Antes de empezar, como el arte y la cultura son campos en los que las definiciones son muy imprecisas, creo que es importante precisar estos términos. Para eso voy a recurrir a una cita de Juan Acha que me gusta mucho, porque establece una diferenciación muy clara entre el arte y lo que él llamaba lo estético:
«Las artes son conceptos. Al fin y al cabo constituyen hechuras humanas, esto es, sistemas culturales. Como tales van de generación en generación y cada una varía los conceptos de acuerdo con sus necesidades históricas (…). De ahí que mientras lo estético es sinónimo de sensibilidad o gusto que posee todo hombre, lo artístico es optativo y requiere de una educación especial previa»[1].
¿Compartes esta diferenciación?
En parte, porque creo que lo que es arte también tiene que ver con la institucionalidad que reconoce que algo es arte o no. Que es el dilema en el que está el arte por lo menos desde principios del siglo XX. No había pensado en la cita de Juan Acha, pero me gustaría que me la mandes, y la referencia. ¿Has dicho que el arte tiene que ver con los conceptos?
Yo creo que Juan Acha se refiere a una institucionalidad, porque dice que son conceptos y hechuras humanas. Que es algo artificial, para diferenciarlo de lo que él llama lo estético, como algo que es espontáneo en todos los seres humanos.

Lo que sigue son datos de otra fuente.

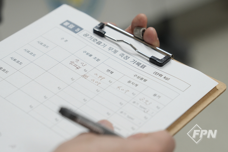 ![]() ▲ 실증 당일 한국소방산업기술원 관계자가 공기호흡기 무게 측정하고 그 결과를 기록했다. © FPN |
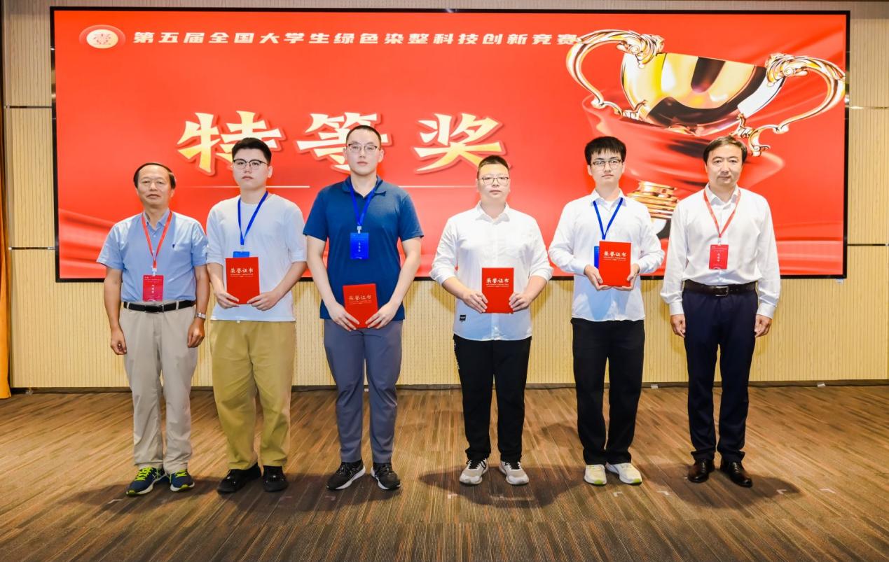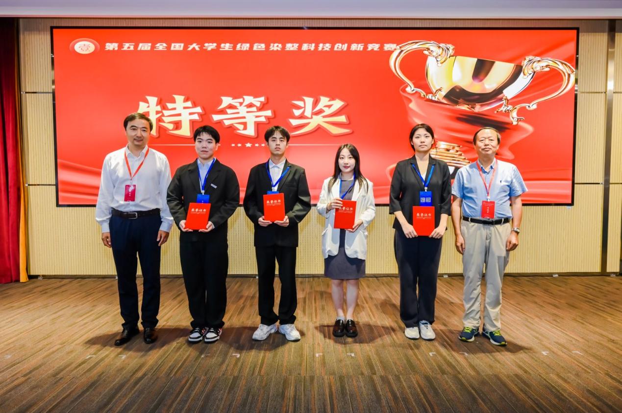我校“光耀净界——功能化纤维膜构筑2D MOF界面协同光芬顿高效降解印染废水”荣获研究生组特等奖、“绿基护盾——新型生物基阻燃剂在涤纶织物上的构建”项目荣获本科生组特等奖,“化波为热—一种环保高效吸波材料的研发与运用”等2个项目荣获本科生组一等奖。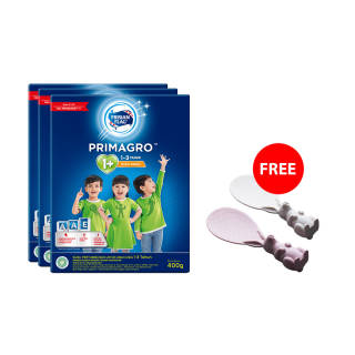3 pieces Frisian Flag Primagro 1+ Madu 400gr Free Rice Spoon Centong Nasi Rabbit specially formulated for children aged 1-3 years. It's healthier with lower sugar. Growth milk is a nutritional supplement that helps complement your child's daily nutrition to support his optimal growth and development. FREE Rice Spoon Centong Rice Rabbit Frisian Flag PRIMAGRO 1+ contains: AAE (9 Essential Amino Acids) complete: Histidine, Isoleucine, Leucine, Lysine, Methionine, Pheylalanine, Treonin, Tryptophan, Valine Fish Oil 0.47%, Omega 3 &6, and higher DHA High in Protein, Calcium, Magnesium and Vitamin D3 Iron and Zinc The only ones that recorded Sialic acid and Sphingomyelin* (supporting brain memory) Children need AAE (9 Essential Amino Acids) to help support their optimal growth and development. Frisian Flag Primagro has a patented AAE with a special formulation for children in growing age, of quality proteins in complete quantities and types. Frisian Flag PRIMAGRO 1+ AAEDukung Ibu prepare An Extra Strong Foundation, to help the Optimal Growth and Development of the Little One.*compared to products in his class Fill In Packages 3 boxes of Growth Milk FREE Rice Spoon Centong Rice Rabbit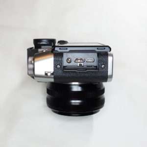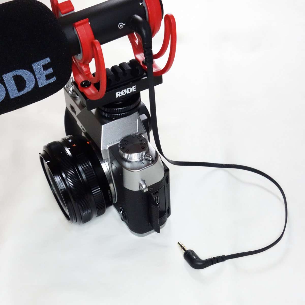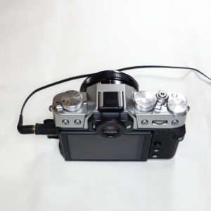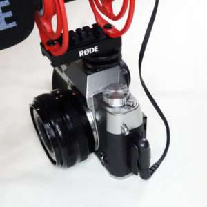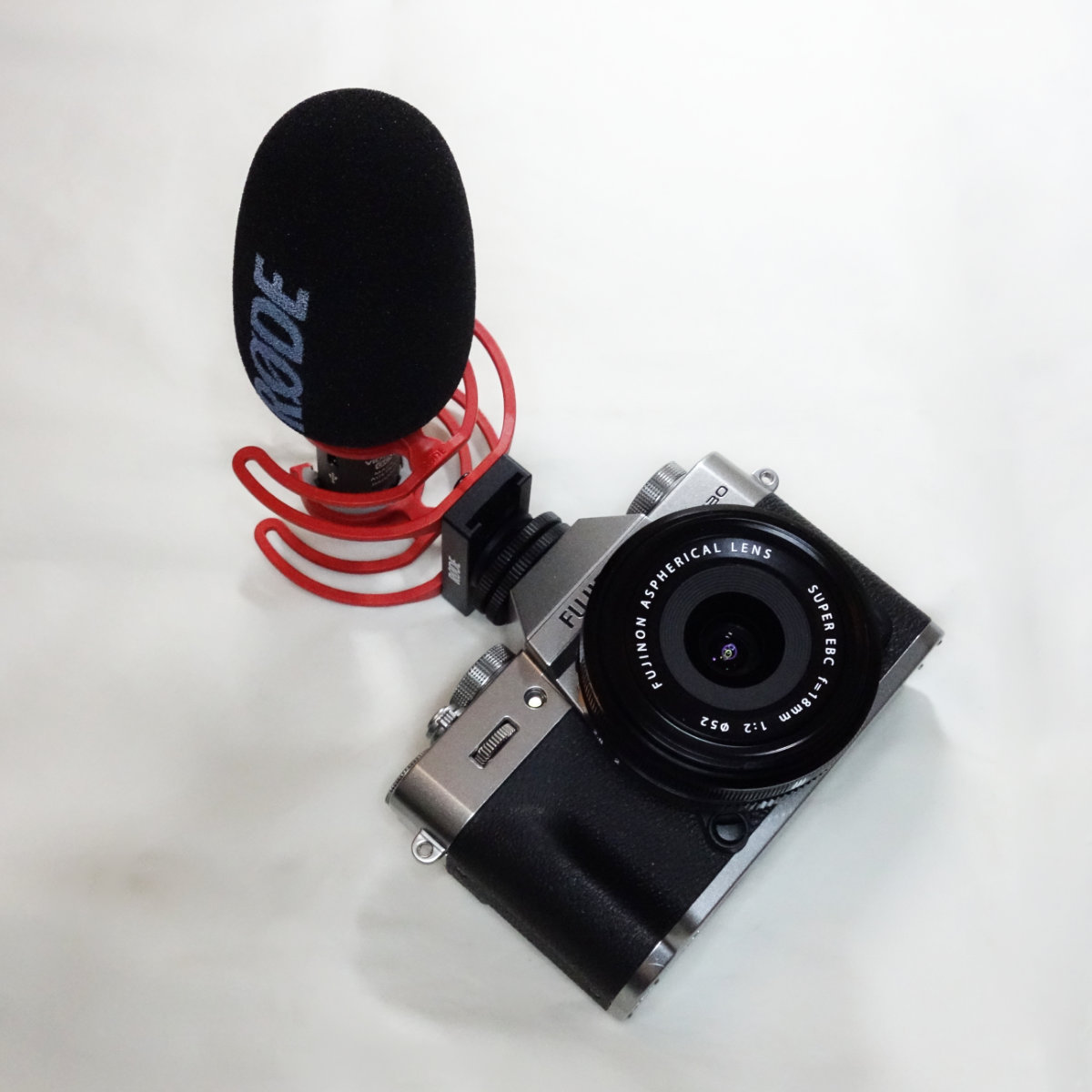 マイクがセットアップ出来たのでカメラに取り付けます。カメラはフジフィルムX-T30 IIとレンズはXF 18mm F2 Rの組み合わせを使用します。X-T30 IIは4K log動画も撮れる優れたミラーレスカメラです。ホットシューに取り付けるので別途取り付けてあるホットシューカバーを取り外します。

Claro, como algo que se siente, se experimenta. No sé si se puede hacer una división tan tajante. Yo pienso el arte en relación a qué es lo que enmarca la experiencia. Si uno tiene la experiencia enmarcada de tal manera, puede que sea considerada arte. La misma experiencia de sentir algo en un contexto de galería o exposición obligaría a decir: «Bueno, esto es arte». Porque el marco hace que se vea de una manera conceptual, o artificial, si quieres. Así que me quedo con esa problemática entre arte y no arte.
Es uno de los problemas más presentes en todos los debates sobre el arte y sus instituciones desde la época de las vanguardias. Ese deseo de fundir arte y vida. Porque es una separación que de alguna forma es problemática para los mismos artistas, o para la misma Institución Arte.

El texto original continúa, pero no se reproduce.